-- Data section follows --

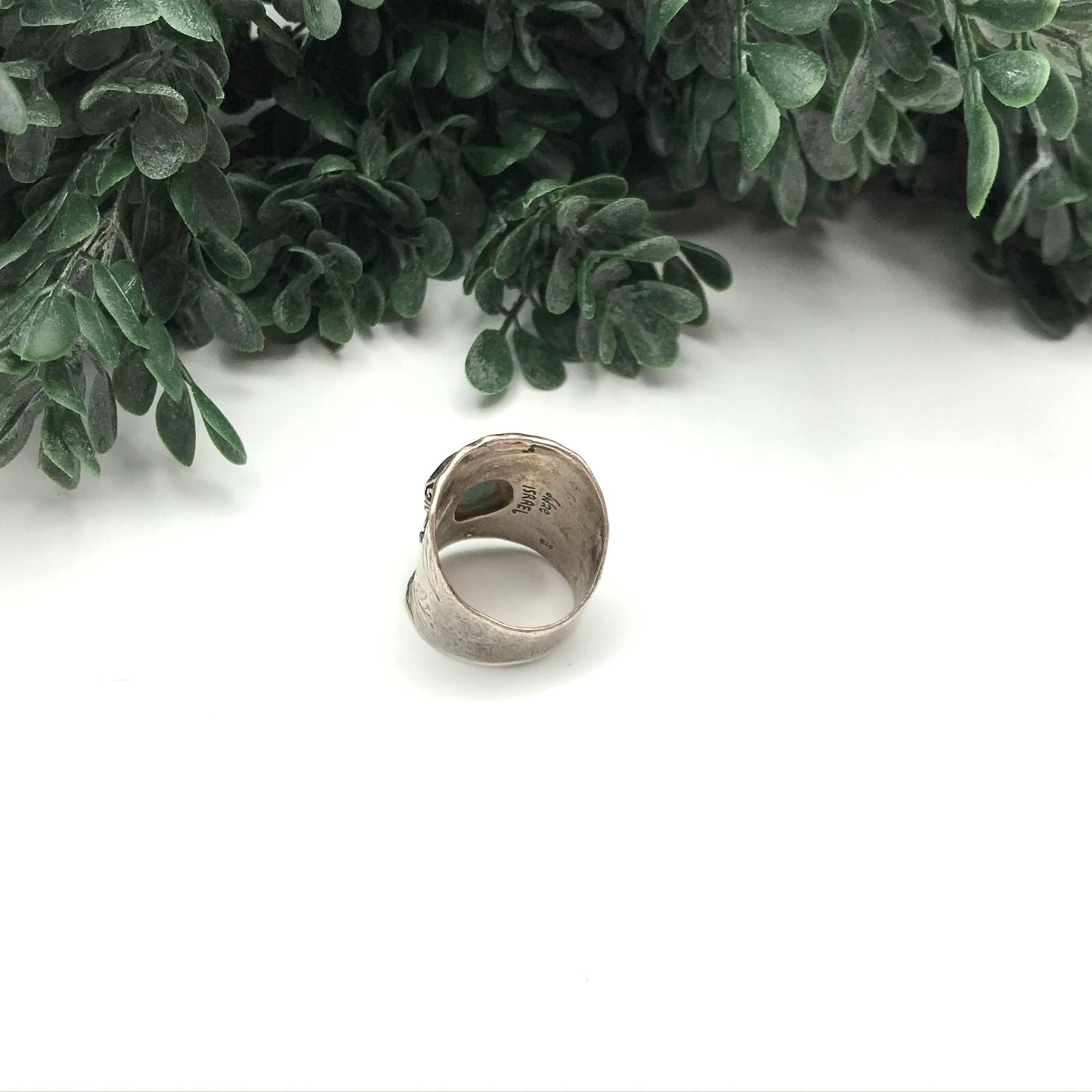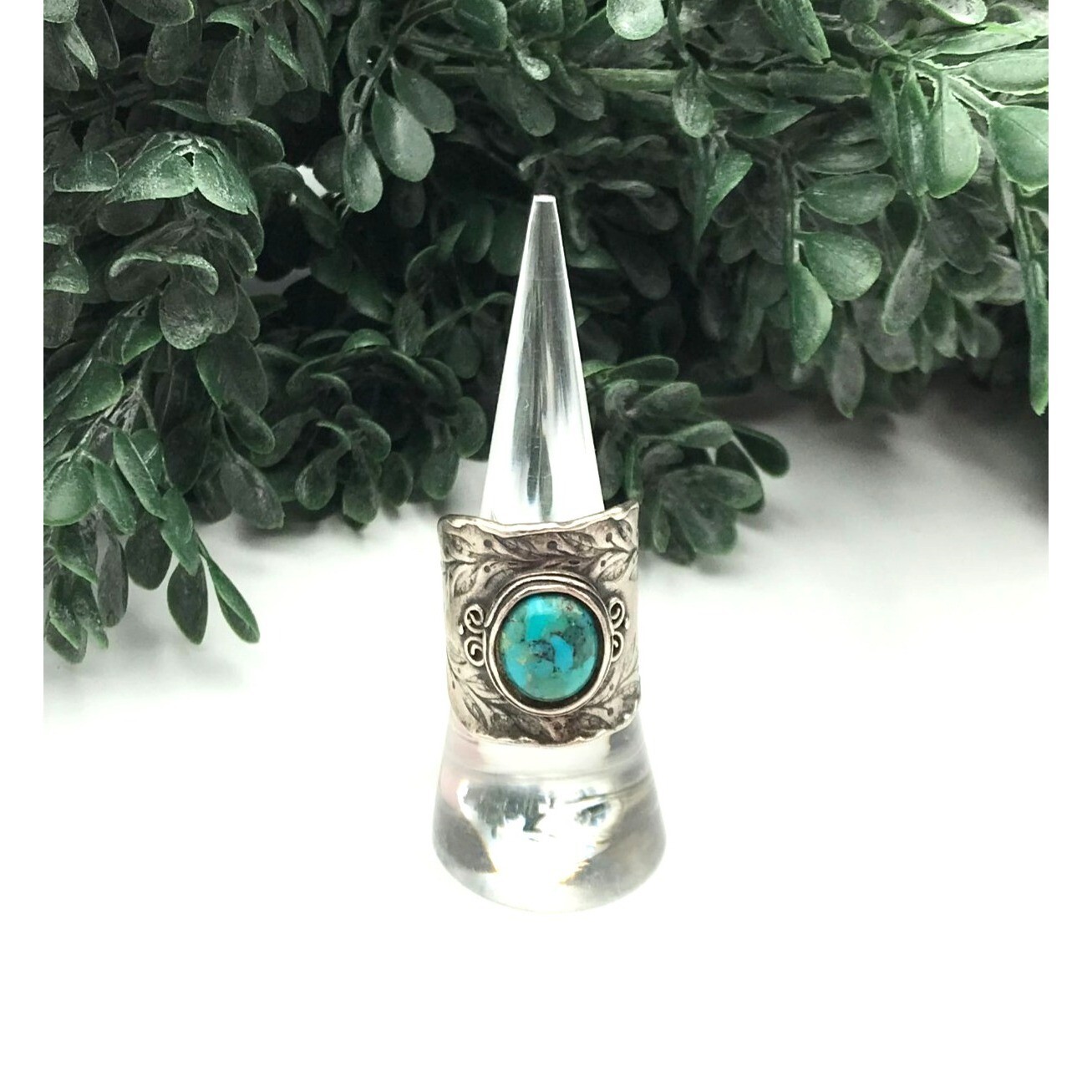 Vintage sterling ring, wide silver tone band, oval turquoise gem
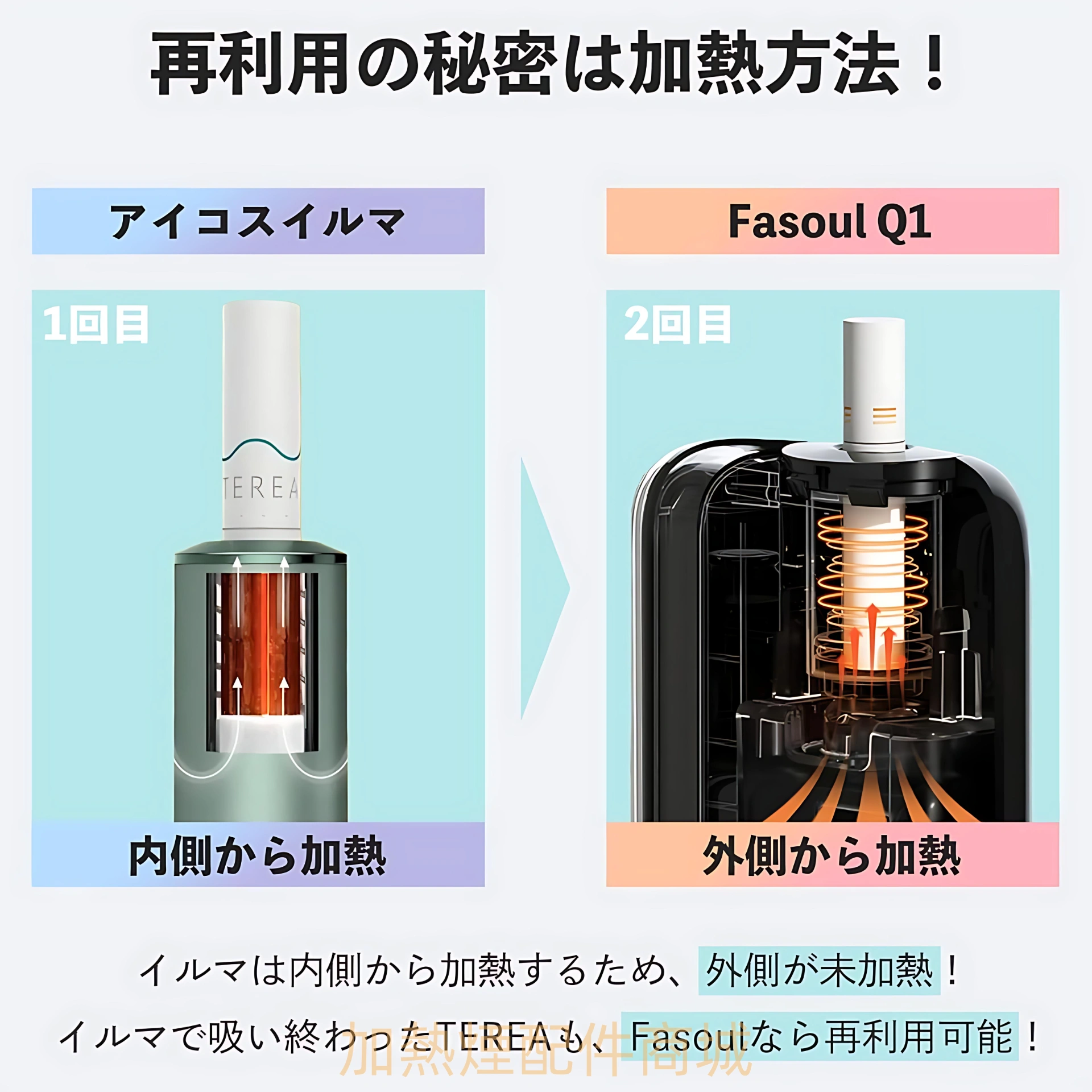 Fasoul Q1 最大賣點是其 二回加熱技術 — 將一支 TEREA 或 SENTIA 磁吸式煙彈進行 兩次加熱吸取,相比傳統 IQOS 裝置可更有效利用每一根菸彈,降低使用成本約 節省 50%。
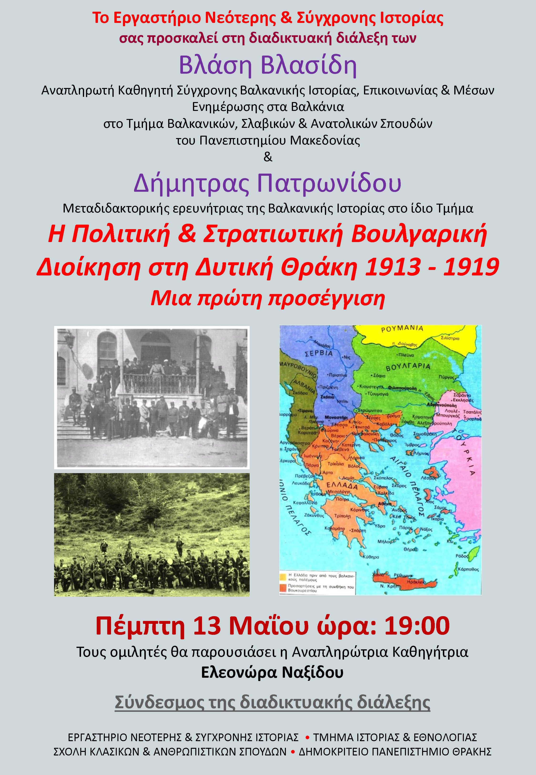 Στο πλαίσιο των εκδηλώσεων του Εργαστηρίου Νεότερης και Σύγχρονης Ιστορίας του Τμήματος Ιστορίας και Εθνολογίας του Δημοκρίτειου Πανεπιστημίου Θράκης, θα πραγματοποιηθεί την Πέμπτη 13 Μαΐου 2021 και ώρα 19:00 διαδικτυακή διάλεξη των κ. Βλάση Βλασίδη, Αναπληρωτή Καθηγητή και της κας Δήμητρας Πατρωνίδου, Μεταδιδακτορικής ερευνήτριας με θέμα: Η Πολιτική & Στρατιωτική Βουλγαρική Διοίκηση στη Δυτική Θράκη 1913 - 1919. Μια πρώτη προσέγγιση.
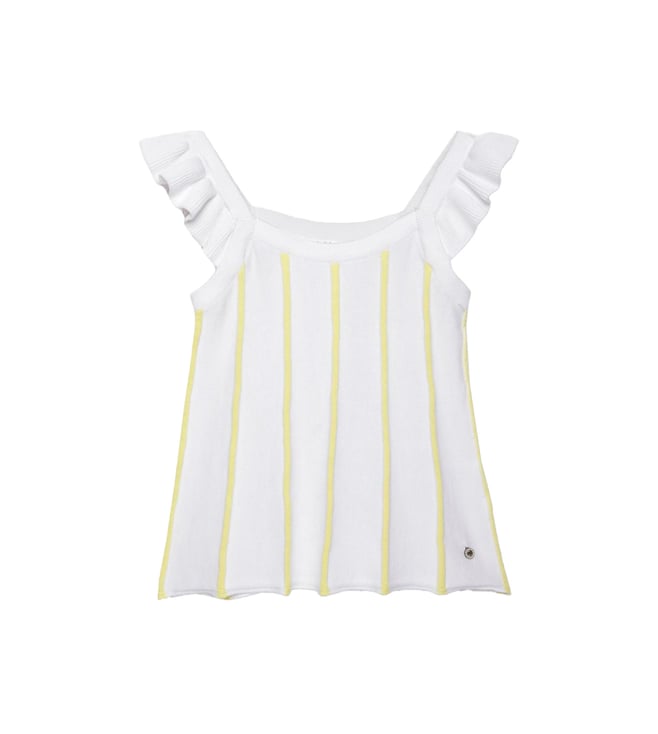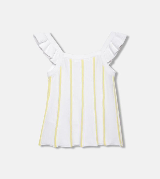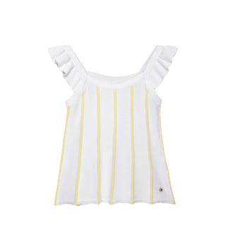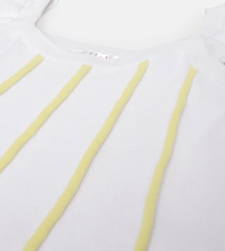 Elevate your everyday style with our chic white flare-fit T-shirt, designed for the modern girl who loves a touch of flair. Crafted from pure cotton, this tee promises ultimate comfort and breathability. The subtle striped pattern adds a playful twist, while the short sleeves and U-neckline offer a classic, versatile look. With its easy pull-on closure, this T-shirt is perfect for any casual outing or relaxed day at home. Pair it with your favorite jeans or a skirt for an effortlessly stylish ensemble.

-- Data section concluded --

- _Instructions for the task_
Set out exactly, and only, the lines between the first line of the listing and the line containing "Στο πλαίσιο των", counting both, while leaving every picture out.

- _Response below_
 Vintage sterling ring, wide silver tone band, oval turquoise gem
 Fasoul Q1 最大賣點是其 二回加熱技術 — 將一支 TEREA 或 SENTIA 磁吸式煙彈進行 兩次加熱吸取,相比傳統 IQOS 裝置可更有效利用每一根菸彈,降低使用成本約 節省 50%。
 Στο πλαίσιο των εκδηλώσεων του Εργαστηρίου Νεότερης και Σύγχρονης Ιστορίας του Τμήματος Ιστορίας και Εθνολογίας του Δημοκρίτειου Πανεπιστημίου Θράκης, θα πραγματοποιηθεί την Πέμπτη 13 Μαΐου 2021 και ώρα 19:00 διαδικτυακή διάλεξη των κ. Βλάση Βλασίδη, Αναπληρωτή Καθηγητή και της κας Δήμητρας Πατρωνίδου, Μεταδιδακτορικής ερευνήτριας με θέμα: Η Πολιτική & Στρατιωτική Βουλγαρική Διοίκηση στη Δυτική Θράκη 1913 - 1919. Μια πρώτη προσέγγιση.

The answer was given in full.